Does anybody actually "like" those things? I've never understood either.
Every hotel I stayed at in Azerbaijan had dual-flow toilets with two different flush buttons. Why are they almost unheard of in the states? My problem with low-flow toilets is that if you don't flush about halfway through doing our business, the damn thing clogs up. So you don't really end up saving water. With the industrial-strength ones in public restrooms (that make that satisfying whooshing sound), you could probably flush a small rhinoceros down there without so much as a hiccup.
Same problem with low-flow shower heads. If my wife takes three times as long to rinse out her hair, but the flow rate is only reduced by half, I'm still using more water. I know some people who really like to conserve will turn off the water when they lather up. That's dedication right there. I tried for like a week to do that. It's just not for me.
Ah... so it wasn't a bomb but a trigger. Looking at it from your perspective, I guess we should be glad they didn't call in Jack Bauer to torture the kid to find out where he hid the explosives. So in that case, Irving ISD and police did an outstanding job practicing restraint and common sense.

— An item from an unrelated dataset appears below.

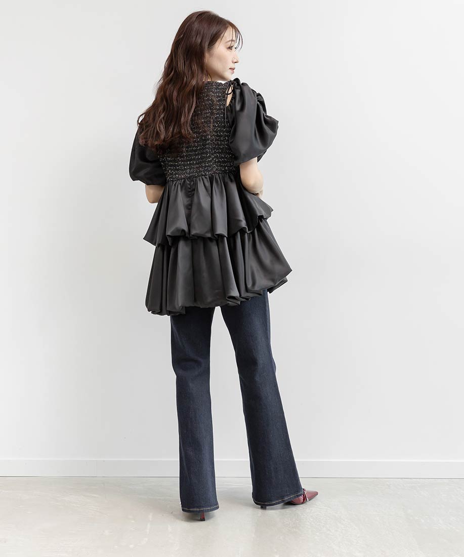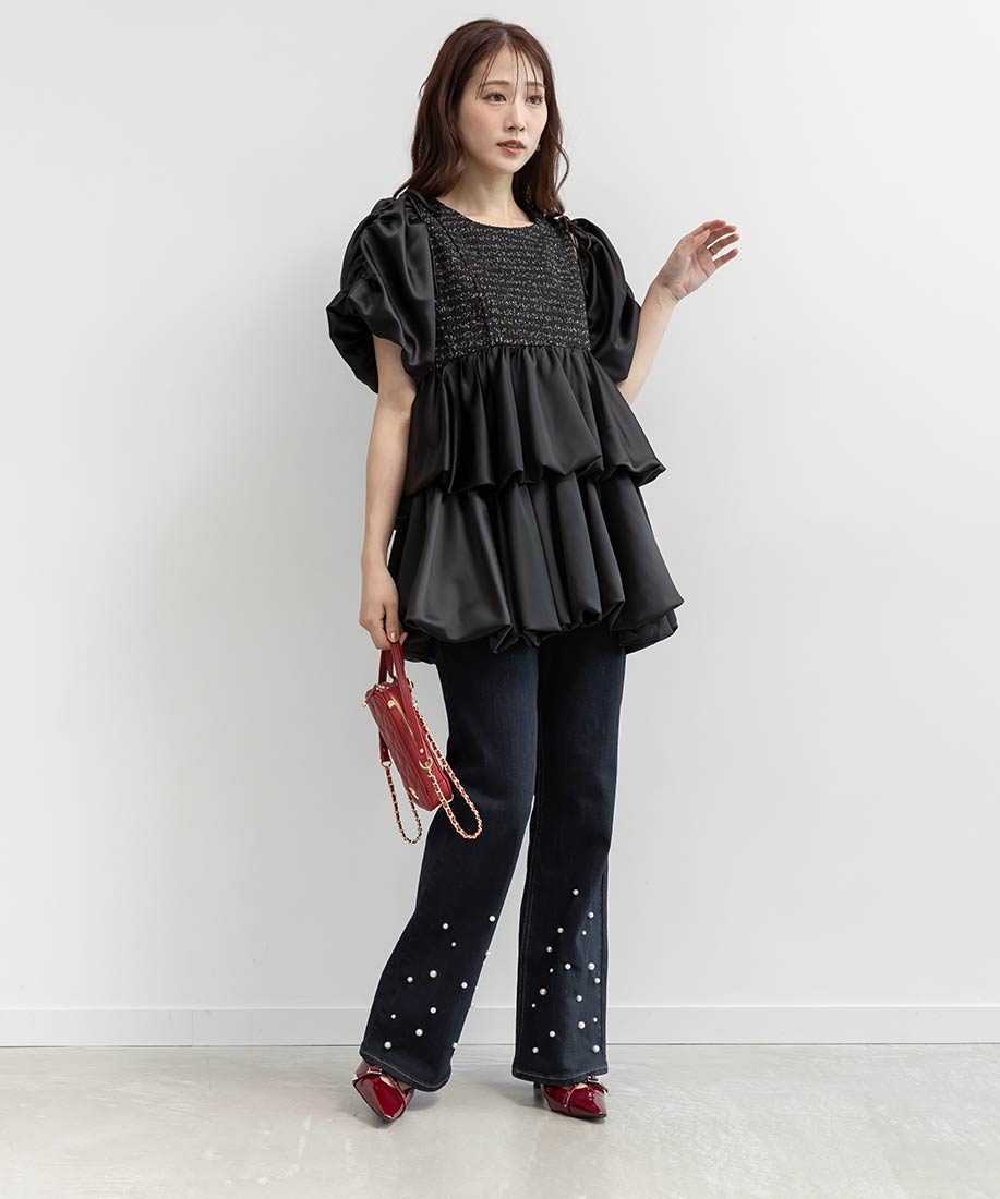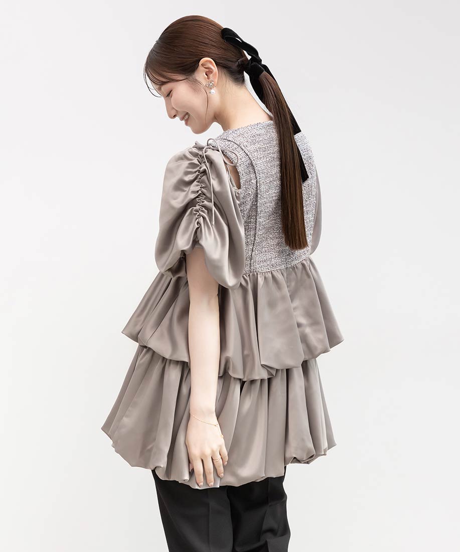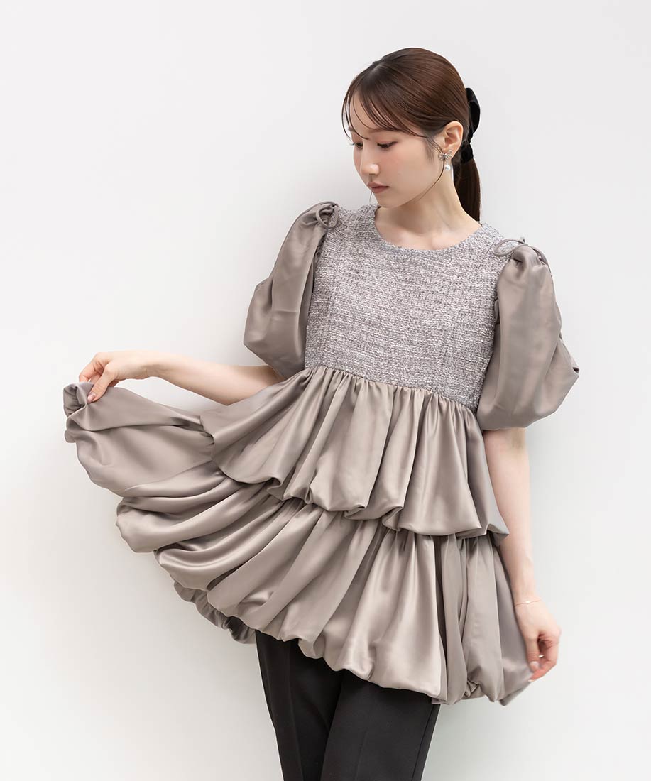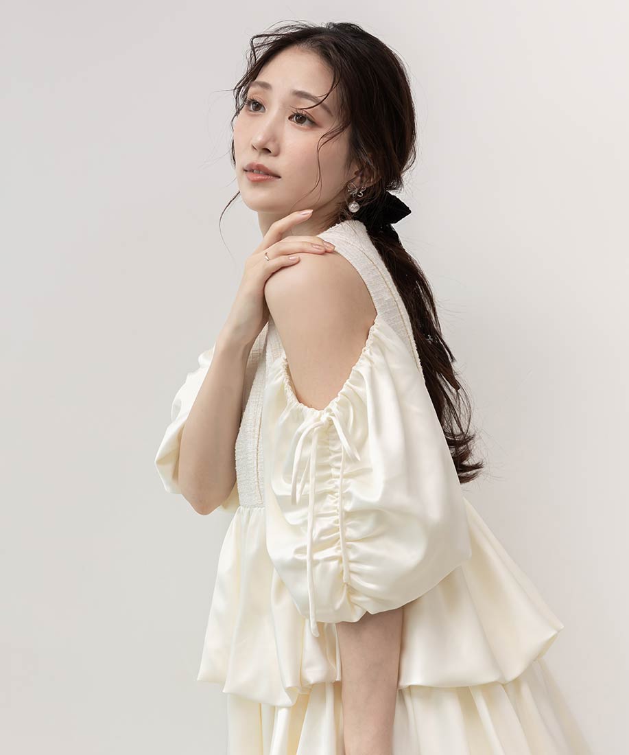 ブラック・グレージュ⇒(表地)ポリエステル70%、レーヨン15%、綿13%、ポリウレタン2%(スリット糸使用)(別布)ポリエステル100%(裏地)ポリエステル95%、ポリウレタン5%ホワイト⇒(表地)ポリエステル71%、綿24%、ポリウレタン5%(スリット糸使用)(別布)ポリエステル100%(裏地)ポリエステル95%、ポリウレタン5%

Well done!!
The point is that, statistically speaking, there has been no discernible uptick in killings of police. 2014 was double 2013, but 2013 was the lowest EVER on record. In fact, depending on whose statistics you use, 2014 was lower than 2012. There is no war on cops.
The opposite is also true. There is no war on black people either. At least not in the sense of an increase of killings of unarmed black men. On the other hand, society hasn't systematically disadvantaged police for centuries and written drug laws that specifically target them for disproportionately higher minimum jail sentences. So it's kind of hard to compare.
There's no way they're going to issue an actual apology. Have you read the principal's letter to the parents? He's doubling down on stupid. As are the cops.
Now why in tarnation wood a bunch a towelheads wanna kill that damn secret muslim? That just don't make no since.
Granted, the odds of one of the R candidates supporting somebody named Ahmed Mohamed were already slim. Now that Obama has come out supporting this kid, I will be shocked if any of them to come to his defense. Just look at the comments on a GOP news site. This isn't even the most vitriolic one out there. Mind you, these are the same people who rant when "Obama's" TSA takes their favorite pocket knife, calling it government overreach and unamerican. And here they are saying things like "the dumb kid deserved it," or "maybe he was just testing our defenses for a real bomb." Really?! WTF!? No wonder everybody thinks we're a bunch of racist fucks.
Talk about pass the buck! Ooh ooh! Myturn-myturn!!!
We elect mayors who appoint police chiefs who hire cops who shoot unarmed people. So clearly the voters are responsible for that too! And the victims die because the holes made by the bullets manufactured by ammo companies who get their raw materials from metals mines in Africa that use German mining equipment designed on software sold by US companies supported by IT departments in India that use telephones that were invented by Alexander Graham Bell. So it's really all his fault!!
There's no fucking way the district's official policy is to disallow children from calling their parents. This is a rouge staff member with a vendetta, and some pinche racista cops.
You buy gas, right? Then you are paying taxes to Texas. You just don't know it.
Do you know how much a football program costs? Read Friday Night Lights sometime. Permian High School spends (or at least they used to spend) more on bandages for the football team than on the entire English department. I would not be surprised at all to find out that most programs are deeply in the red.